Sony Alpha DSLR-A200 Battery and connectivity
The Sony Alpha DSLR-A20 is powered by the same NP-FM500H InfoLithium Ion battery as the A700. This now means all four of Sony’s current DSLRs employ the same battery pack. It’s rated at 11.8 Watt Hours which Sony claims is good for around 750 images.
As an InfoLithium model, the NP-FM500H can also deliver accurate feedback of remaining charge. Like the A700 and all of Sony’s current Alphas, the A200 displays the remaining charge as a percentage on-screen – see screenshots above. This is better than any other battery implementation we’ve seen on rival DSLRs, and it’s great to see Sony unify the feature across the range.
Unlike the earlier A100, the new A200 also now has an optional battery grip – the VG-B30AM, which takes two NP-FM500H packs and provides a portrait-shooting grip and controls. Since the A300 and A350 share the same basic body as the A200, they too can share this battery grip. Again nice to share this accessory across the consumer range.

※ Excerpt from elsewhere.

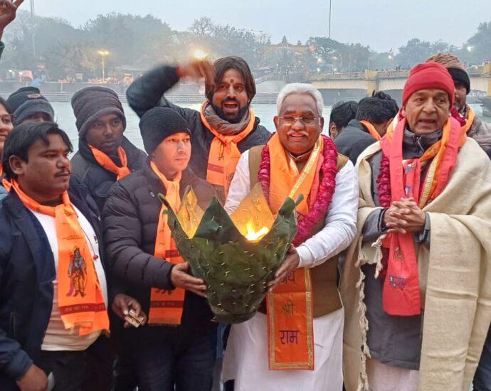 राम लला की प्राण प्रतिष्ठा को लेकर सुभाष घाट पर चल रही 11 दिनों की दीपावली का आज समापन हो गया। पूर्व कैबिनेट मंत्री और नगर विधायक मदन कौशिक मुख्य रूप से उपस्थित रहे। बता दे की गिरिवर नाथ जनकल्याण धर्मार्थ सेवा ट्रस्ट के तत्वाधान में 1100 दीपो के दान का संकल्प लिया गया था। जिसमे प्रतिदिन अलग अलग क्षेत्रों से जुड़े हुए समाजसेवियों ने प्रतिभाग किया। संस्था के अध्यक्ष कमल खड़का ने कहा गंगा जी के माध्यम से अयोध्या में राम लला को संदेश भेजने का काम किया गया। उन्होंने बताया की इसमें प्रतिदिन दीपो को गंगा जी में प्रवाहित किया गया। कमल ने बताया की यह 500 सालो के अथक प्रयासों और संघर्ष का ही नतीजा है की आज हमे अयोध्या में राम लला विराजमान होते देख पा रहे है। संकल्प की पूर्णाहुति में मुख्य रूप से शामिल रहे मदन कौशिक ने गिरिवर नाथ जनकल्याण धर्मार्थ सेवा ट्रस्ट के प्रयासों की तारीफ करते हुए कहा की राम के प्रति इनका भाव ही है जो यह संकल्प इन्होंने लिया। उन्होंने कहा की आज सनातन के लिए बहुत बड़ा दिन है की 22 जनवरी को भगवान राम अपने मंदिर में स्थापित हो जायेगे।
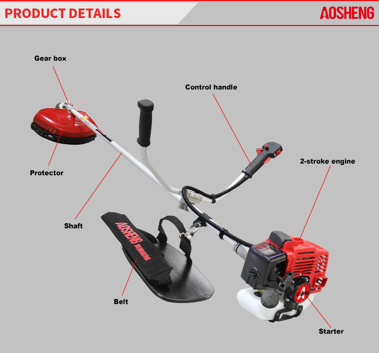 4-taktni motor visokih performansi, zapremina je 38CC. Profesionalna uporaba na otvorenom pustoši Veličina cijevi 26 mm * 1,5 mm, čvrstoća fleksibilne osovine. Širina rezanja je 420 mm Živ...

Two of the A200’s ports are hidden behind a large rubber flap on the left hand side – there you’ll find the remote control connector and DC input. The combined USB port and TV output are once again hidden behind the memory card door, which leads to a messy-looking situation where the door is open when the cable’s connected; why this port hasn’t been relocated to the other side behind the rubber flap is beyond us.
As for storage, Sony’s resisted the temptation to equip the A200 with a Memory Stick Duo slot, or horrors, one for SD. Instead you’ll find a conventional Compact Flash slot, although Sony can sell you a CF-to-Memory Stick Duo adapter if you’re really desperate to use this format.